Even the Arab Spring, the most dramatic rescrambling of the world order on their watch, has produced few opportunities for American leadership -- not to mention a confused, ambiguous series of outcomes, with fallen dictators in Egypt and Libya but also a bloody stalemate in Syria and the rise of unpredictable and often virulently anti-American Islamist political leaders across the region. "It's not like the reunification of Germany or democratic elections in the Czech Republic," said Jake Sullivan, Clinton's policy-planning chief. "It's going to be much more complicated and difficult than that over time. And so, the downside of that if you're secretary of state is that you're not going to get feathers in your hat for these kinds of things in the same way.… Outcomes are a lot less determinate and will play out against a much longer period of time."
That leaves Clinton to promote a list of accomplishments that are somewhat short of transformative if still substantial, from the extensive personal diplomacy she poured into mobilizing the NATO coalition that launched airstrikes to topple Libyan leader Muammar al-Qaddafi to her advocacy of a strategic U.S. "pivot" to Asia and away from the conflicts of the Middle East -- announced by Clinton in an article in Foreign Policy last fall.
More broadly if less tangibly, she has put new emphasis at a time of global financial crisis on the role of what she calls "economic statecraft," including appointing the State Department's first chief economist; launched a major reboot of American development efforts modeled on the Pentagon's quadrennial strategic reviews; and touted the need for an "Internet freedom" agenda that would mobilize new technology on behalf of democracy activists and dissidents the world over, an agenda that has seemed both problematic -- bad guys have these tools too -- and prescient in anticipating the technology-fueled protests that swept the Middle East during last year's Arab Spring.
Then there's managing her inbox, where never a day goes by without some new global headache being added to the mix, a headache that will inevitably require a Clinton phone call or meeting or even being told by Obama to fly halfway around the world after just having gotten off a plane. "You have to be a little bit of an incrementalist in these jobs," a top State Department official told me. "You have to define what success means. It doesn't always mean that you're going to necessarily get a peace agreement in the Middle East, but it is getting the Jordanians in the middle of a discussion with the Palestinians and the Israelis about what the future looks like.… So if you're a get-stuff-done person, which she is, you have to calibrate. Because you can't just wave your magic wand and things just happen."

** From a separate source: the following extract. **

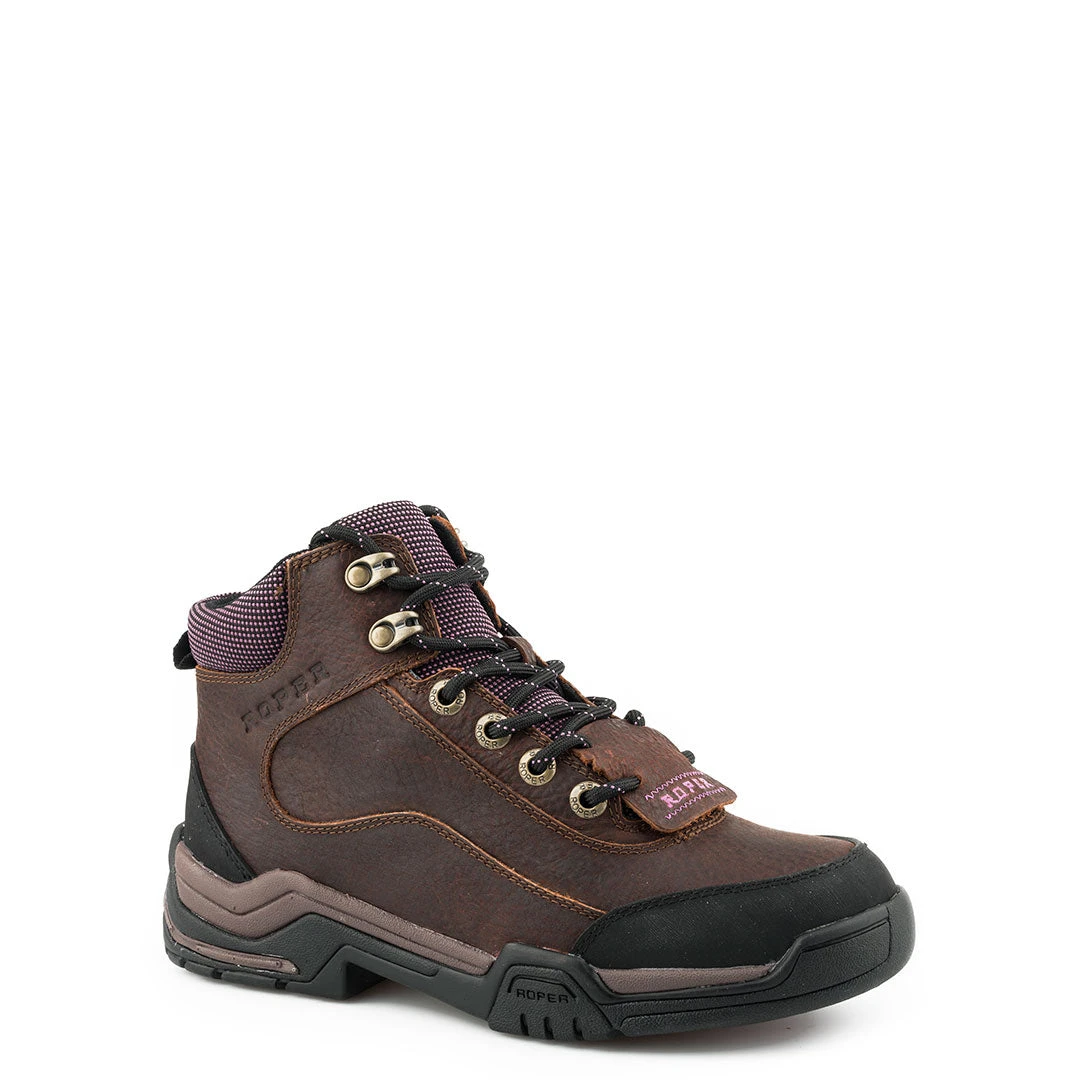 Roper Horseshoe casual lace-up boots incorporate all the important features of a western boot. Western lace up styling, brown tumbled leather and purple trim are combined to create an updated Kiltie Horseshoe that gives you the freedom of being able to work, play and ride all in the same shoe!

Asked how she approaches the job, Clinton often replies by saying she has to do it all; she has to watch, as she puts it, "the headlines and the trend lines." But she's nothing if not the pragmatist ("She doesn't tilt at windmills," said Anne-Marie Slaughter, her first policy-planning chief) -- and what often matters most in American politics is the crisis right in front of you. "You have to keep your eye on those long-term dangers," she told me, "but you've got to deal with the here and now too, every day."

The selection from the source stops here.